Resident Evil 4 is an upcoming survival horror game developed and published by Capcom. It is a remake of the 2005 video game of the same name, scheduled for release on PlayStation 4, PlayStation 5, Windows, and Xbox Series X/S on March 24, 2023. The game follows United States Strategic Command Special Agent Leon S. Kennedy, who must save the kidnapped Ashley Graham, daughter of the President of the United States, from the mysterious Los Illuminados cult.

Premise 
Six years after the events of Resident Evil 2, United States Strategic Command Special Agent Leon S. Kennedy is sent on a mission to rescue Ashley Graham, daughter of the President of the United States, from a Spanish village controlled by the violent cult of Los Illuminados. Other characters appearing include Ada Wong, Leon's operator Ingrid Hunnigan, the civilian Luis Sera, and the antagonists Bitores Mendez, Ramon Salazar, and Osmund Saddler.

Gameplay 
Resident Evil 4 is a remake of the 2005 game of the same name. It will feature "over-the-shoulder" third-person shooter gameplay similar to the original game, while drawing from the remakes of Resident Evil 2 (2019) and Resident Evil 3 (2020). In an innovative step to the Resident Evil series, Resident Evil 4 will be the first game to offer six optional control schemes, including one that is styled after the control scheme in the original game. Resident Evil 4 features modernized and improved visuals compared to the original, with a tenser atmosphere, improved character designs and enhanced backgrounds.

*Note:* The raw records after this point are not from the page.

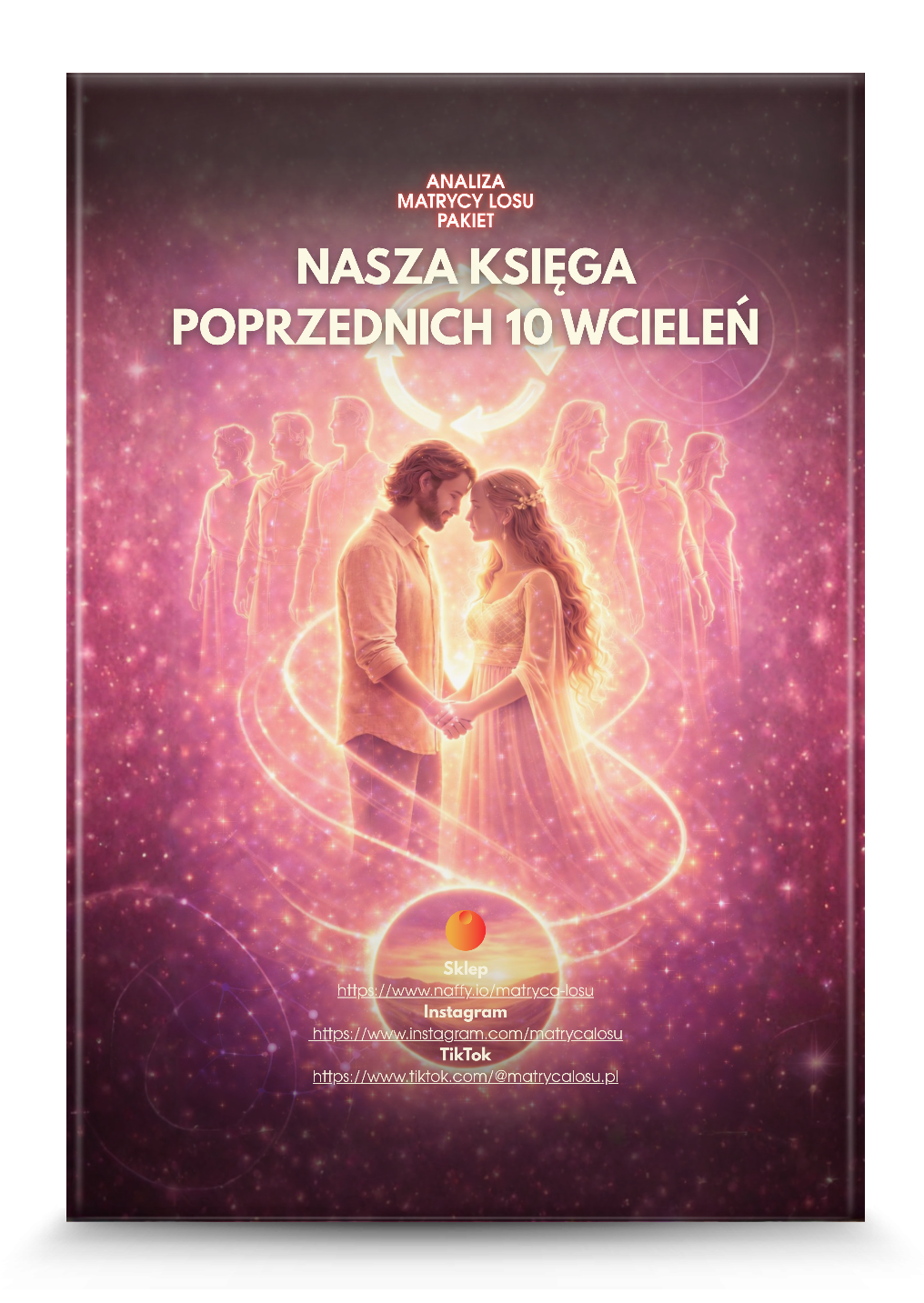 Odkryj Waszą Księgę Poprzednich 10 Wcieleń – odczyt relacji oparty na dwóch datach Waszego urodzenia, na podstawie których tworzona jest indywidualna analiza partnerska. Dzięki temu można określić 10 poprzednich wcieleń Waszej więzi, to, kim byliście dla siebie, jakie doświadczenia Was łączyły oraz jakie lekcje karmiczne nadal wpływają na Waszą relację, emocje, decyzje i wspólną drogę.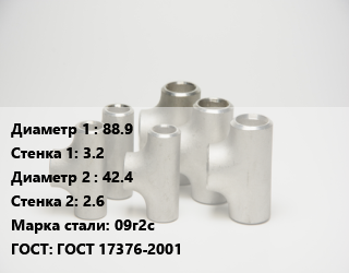 Тройник стальной 88.9х3.2 -42.4х2.6 Сталь: 09г2с ГОСТ: ГОСТ 17376-2001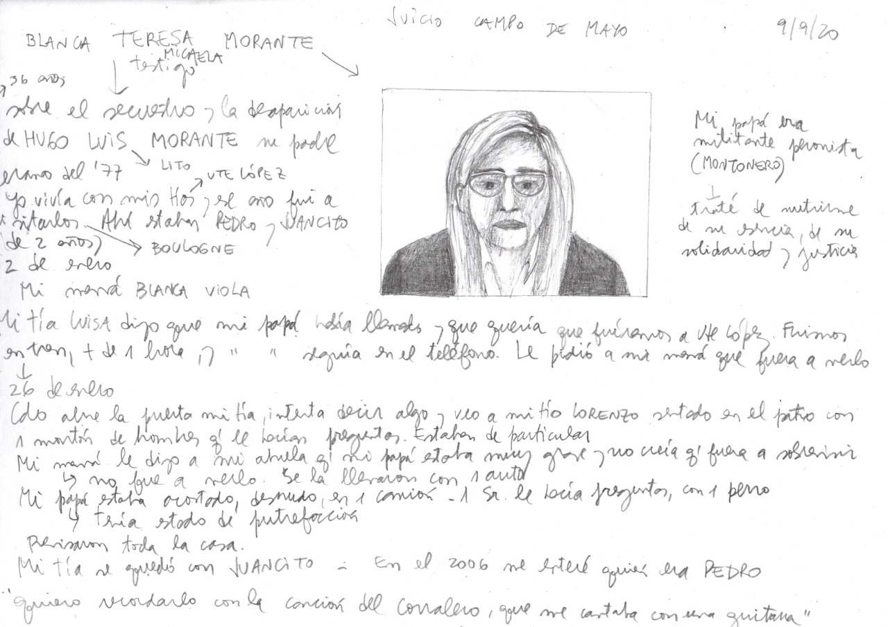 También declaró en la audiencia Blanca Morante, hija de Hugo Luis Morante. Blanca contó qué sucedió a partir de que Pedro, como ella conocía a Raúl Rossini, le dejó a su familia el cuidado y la protección de Juan Martín, “Juancito”. El 12 de enero, Morante no regresó de trabajar. Ya había sido detenido. Algunos días después recibieron un llamado de Hugo. La casa de Blanca se llenó de gente. Estaban preparando la emboscada para Rossini. Uno de esos días, llevaron a la mamá de Blanca a ver a Hugo. “Estaba totalmente desnudo, en un camión cerrado, siendo torturado por un hombre con un perro. Tenía heridas en estado de putrefacción y olía a podrido”. A la mujer le preguntaron por Pedro. Ella les dijo que no lo veía casi nunca y no sabía dónde estaba. Cuando regresaron, se instalaron definitivamente a esperarlo. La tía de Blanca, Luisa, tenía órdenes de ser solo ella quien atendiera el teléfono y abriera la puerta. “Cuando llamó Pedro la obligaron a que le dijera que Juancito estaba enfermo. Así lo hizo”. Cuando Rossini llegó a la casa fue secuestrado. “No supe más nada ni de mi papá ni de Pedro”, atestiguó Blanca. Ella también estuvo reunida con Scarpati. Le contó que su papá había estado con él en Campo de Mayo y fue, junto a  Rossini, quien lo ayudó a sanar sus heridas. La testigo no preguntó más. No quiso saber los detalles de la vida en cautiverio de su padre.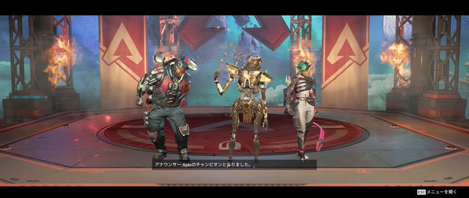 三点さんと、後から合流してすずのまるさんとAPEX😄野良のとってもいいオルターさんとデイリーの下手っぴなレヴナントでチャンピオン取れた✌️その後三人揃ってから湯けむりチャレンジした🥰(おじ・オクタン・コンジットでチャンピオン画面で全員煙幕エモートをやる)見事チャンピオン二回取れた✌️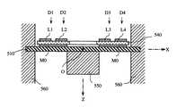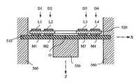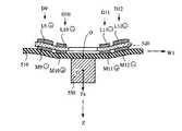 (4)  ピエゾ抵抗素子を利用した機構:コリオリ力の作用により撓みが生じるような基板を設けておく。この基板上にピエゾ抵抗素子を形成しておき、基板に生じた撓みをピエゾ抵抗素子の抵抗値の変化として検出する。すなわち、抵抗値の変化を測定することにより、作用したコリオリ力を検出する。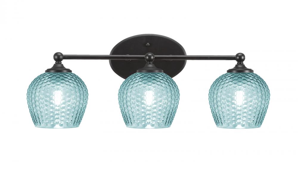 Capri 3 Light Bath Bar Shown In Matte Black Finish With 6 Turquoise Textured Glass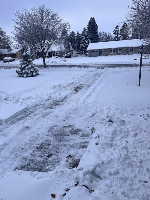 We tried clearing our driveway, but this stuff is wet, thick, and slushy, and it totally choked our snow blower. We could push forward maybe 2 meters before the snow blower froze up solid with ice and slush that it didn’t have enough power to push out. We ended up doing it old school, with snow shovels, but even that was impractical — the snow was so dense and sticky that it stuck to the snow shovel blade, and the shovel would just get heavier and heavier. We finally gave up, with the driveway incompletely clear, but it’s all we could do.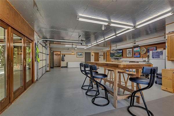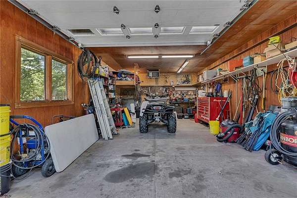 Storage and hobby space abound with an oversized three-stall attached garage (part of which is currently set up as an additional entertaining area) plus a detached one-stall garage. If you've been looking for lake life with land, this property is it!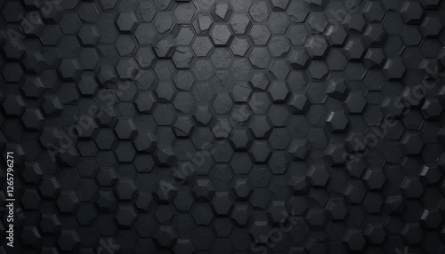 Background of abstract black 3d hexagon background design a dark honeycomb grid pattern. Abstract octagons dark 3d modern background. Abstract Black geometric background

As in the original game, the player will organize their inventory with an "attache case". The Merchant returns, allowing the player to buy, upgrade, and trade items. He will provide new side quests that may be completed during the main story. In combat, Leon can roundhouse kick enemies to push them away, as well as new parry mechanics which include blocking attacks from a chainsaw with a knife.

Development 
The original Resident Evil 4 was released for the GameCube in 2005. Development of the remake reportedly began around 2018, led by the studio M-Two. Capcom brought the development in-house in early 2021, led by the Division 1 team, with many staff members who worked on the 2019 remake of Resident Evil 2 returning for Resident Evil 4. Following its reveal on June 3, 2022, Capcom stated that it is being developed "by reimagining the storyline of the game while keeping the essence of its direction, modernizing the graphics and updating the controls to a modern standard". Hirabayashi claims the remake will have the same length as the original Resident Evil 4.

Producer Yoshiaki Hirabayashi said he found the idea of remaking Resident Evil 4 challenging as a result of its popularity. Kazunori Kadoi and Yasuhiro Anpo, who worked on Resident Evil 2 Remake, are acting as directors. Kadoi is supervising gameplay elements, most notably how to use Leon's knife and its endurance after encounters with the enemies. The set appeal is to give players various ways to complete Resident Evil 4. When it comes to quick time events, Capcom aims to reduce them as much as possible. In keeping with the original game, the briefcase was briefly touched to change weapons quickly. Unlike the original game, Leon can carry multiple knives in his inventory to compensate for their limited durability. The development team was split into three groups that worked in three areas of the game: the village, the castle, and the island. It was revealed by the game director that the island will not be cut from the final version of the game. In keeping with the realism, the characters' facial features were based on real people. Leon's in-game facial features will have Eduard Badaluta's likeness.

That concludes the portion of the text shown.